BEGIN DATASET

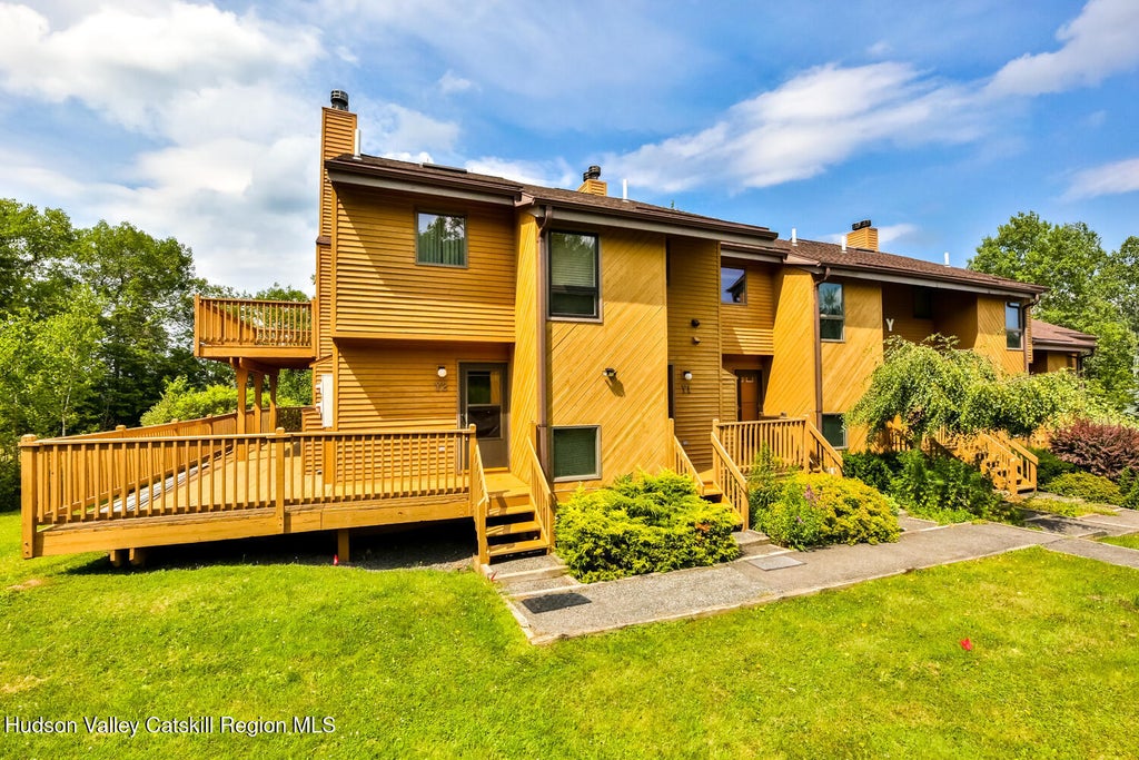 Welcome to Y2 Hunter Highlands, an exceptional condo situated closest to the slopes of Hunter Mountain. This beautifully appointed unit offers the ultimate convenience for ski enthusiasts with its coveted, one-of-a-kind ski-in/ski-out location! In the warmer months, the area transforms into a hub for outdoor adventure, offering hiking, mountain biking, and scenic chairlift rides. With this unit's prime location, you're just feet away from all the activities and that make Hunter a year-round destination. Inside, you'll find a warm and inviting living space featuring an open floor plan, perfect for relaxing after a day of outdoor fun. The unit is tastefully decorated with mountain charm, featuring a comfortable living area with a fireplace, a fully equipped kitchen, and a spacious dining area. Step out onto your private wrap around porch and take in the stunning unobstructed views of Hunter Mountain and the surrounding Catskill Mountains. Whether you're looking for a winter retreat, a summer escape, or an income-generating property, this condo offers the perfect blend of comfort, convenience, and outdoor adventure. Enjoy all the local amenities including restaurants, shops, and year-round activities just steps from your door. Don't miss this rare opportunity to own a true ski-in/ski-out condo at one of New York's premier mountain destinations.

END DATASET
BEGIN DATASET

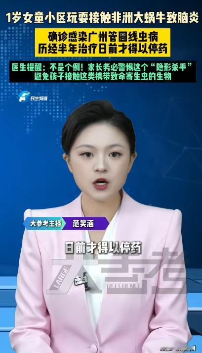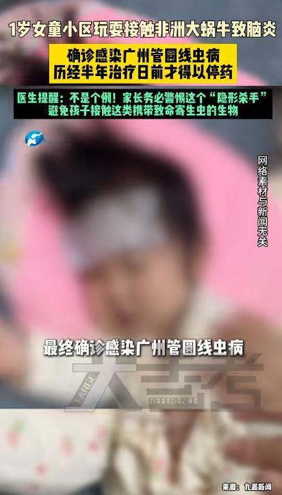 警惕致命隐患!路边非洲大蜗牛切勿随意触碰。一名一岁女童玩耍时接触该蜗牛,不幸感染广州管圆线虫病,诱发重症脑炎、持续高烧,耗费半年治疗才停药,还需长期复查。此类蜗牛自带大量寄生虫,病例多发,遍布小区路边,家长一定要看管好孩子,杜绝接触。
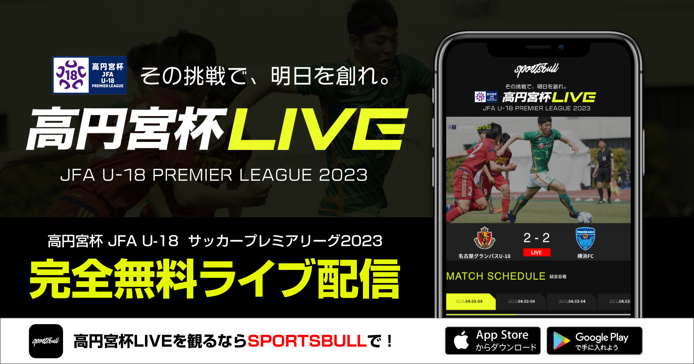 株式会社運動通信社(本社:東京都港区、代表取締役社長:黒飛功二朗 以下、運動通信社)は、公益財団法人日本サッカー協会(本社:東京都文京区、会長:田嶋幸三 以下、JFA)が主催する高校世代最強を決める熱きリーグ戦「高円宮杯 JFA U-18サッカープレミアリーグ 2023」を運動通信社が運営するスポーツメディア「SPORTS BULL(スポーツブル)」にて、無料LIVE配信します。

END DATASET

__PROBLEM STATEMENT__. Return the material from the line containing "警惕致命隐患!路边非洲大蜗牛" through the line containing "以下、JFA)が主催する高校世代最強を決める熱きリーグ戦「高円宮杯 JFA U-18サッカープレミアリーグ", exactly and in full, but without its pictures.

__TASK RESULT__.
 警惕致命隐患!路边非洲大蜗牛切勿随意触碰。一名一岁女童玩耍时接触该蜗牛,不幸感染广州管圆线虫病,诱发重症脑炎、持续高烧,耗费半年治疗才停药,还需长期复查。此类蜗牛自带大量寄生虫,病例多发,遍布小区路边,家长一定要看管好孩子,杜绝接触。
 株式会社運動通信社(本社:東京都港区、代表取締役社長:黒飛功二朗 以下、運動通信社)は、公益財団法人日本サッカー協会(本社:東京都文京区、会長:田嶋幸三 以下、JFA)が主催する高校世代最強を決める熱きリーグ戦「高円宮杯 JFA U-18サッカープレミアリーグ 2023」を運動通信社が運営するスポーツメディア「SPORTS BULL(スポーツブル)」にて、無料LIVE配信します。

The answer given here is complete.